Steven Agnew, the former leader of the Green Party in Northern Ireland and now the chief executive of the industry group RenewableNI, reckons we are ten years behind where we should be. Indeed, those 23 wind turbines outside Dungiven are a minor miracle. The investor that constructed them, the Italian company ERG, is basically taking a bet on future electricity prices, estimating that it will get its money back by selling electricity to the grid faster than the giant turbines deteriorate and it pays interest.
The good news is that a replacement renewables support scheme is expected to be put in place through Westminster in the coming months, most likely an extension of the Contracts for Difference model that underpins large-scale renewable projects in Great Britain. The Republic has a similar system. This scheme works via a reverse auction, where prospective providers of low carbon energy, including nuclear plants, compete to submit a guaranteed minimum price, called a strike price, they will receive for electricity. If the market price is above that level, they pay back into the system.
Recent events have shown that even this scheme is not immune from political myopia. The Conservative government conspired to run an auction that attracted no bids to build offshore windfarms because it set a maximum strike price that had not taken into account recent inflation.

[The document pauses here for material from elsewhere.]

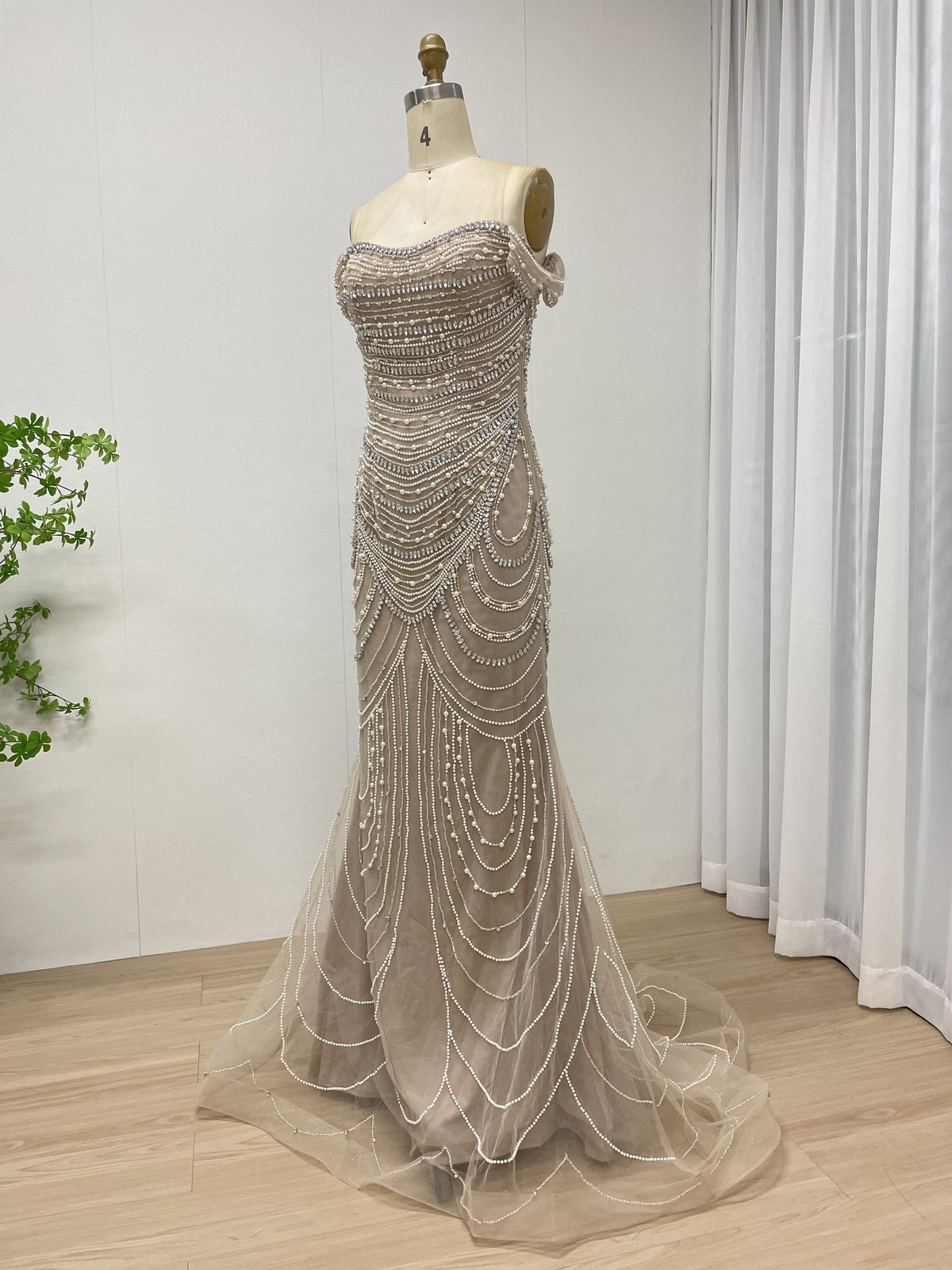 Off Shoulder Beaded Elegance Tulle Dress MB40209-2
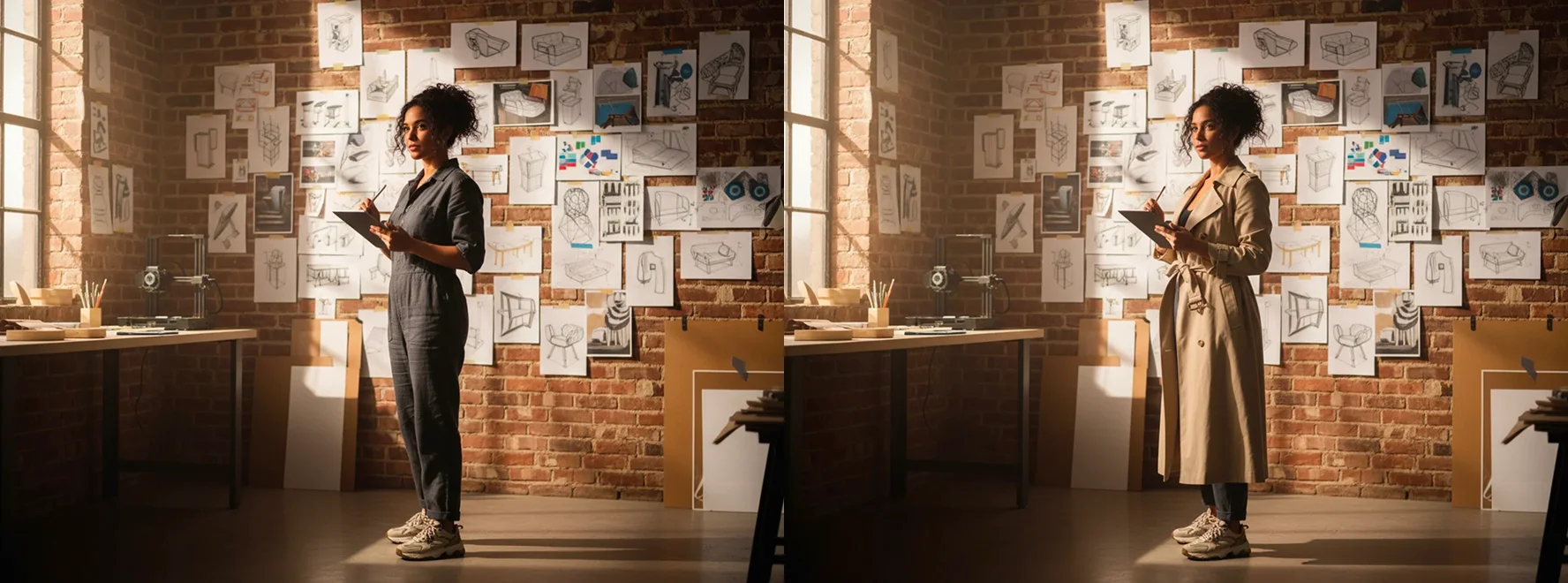 | Image to Image | Evaluate localized control and realistic blending. | “Change the model’s outfit to a beige trench coat while keeping the lighting and pose identical.” | |

And in the meantime, Northern Ireland’s grid is operating on a tighter basis than is ideal. Kilroot power station’s coal units are due to shut down shortly. As the Belfast Telegraph’s Sam McBride has reported, a delay in converting Kilroot to run on gas means that the buffer of spare electricity capacity protecting Northern Ireland from unexpected blackouts will be threadbare. More renewables alone would not plug the gap, because they are intermittent by nature, but it would have helped. Instead, years of paralysis have left us even more exposed to events
In this context Lough Neagh serves as a warning. The choices that turned it into a gutter for the agrifood industry are also dictating Northern Ireland’s response to the escalating problem of climate change. The lack of an independent environment agency means that those in charge of safeguarding the environment are ultimately answerable to the ministers whose role is cheerleading for agriculture.
A carve-out for methane emissions was eventually secured in the Climate Change bill, neatly assuming away the question of whether current levels of meat consumption can be reconciled with a world only moderately warmer than today. Put bluntly, the waste produced by the agrifood industry will continue to be everyone else’s problem.
Soni, Northern Ireland’s grid operator, is owned ultimately by the Irish state. The Republic of Ireland has been gripped by the same debate over how Net Zero commitments can be reconciled with agriculture. But the difference south of the border is that they have at least been doing the necessary groundwork by building more windfarms. Arguing about the difficult work is more forgivable if you’re getting on with easy bits.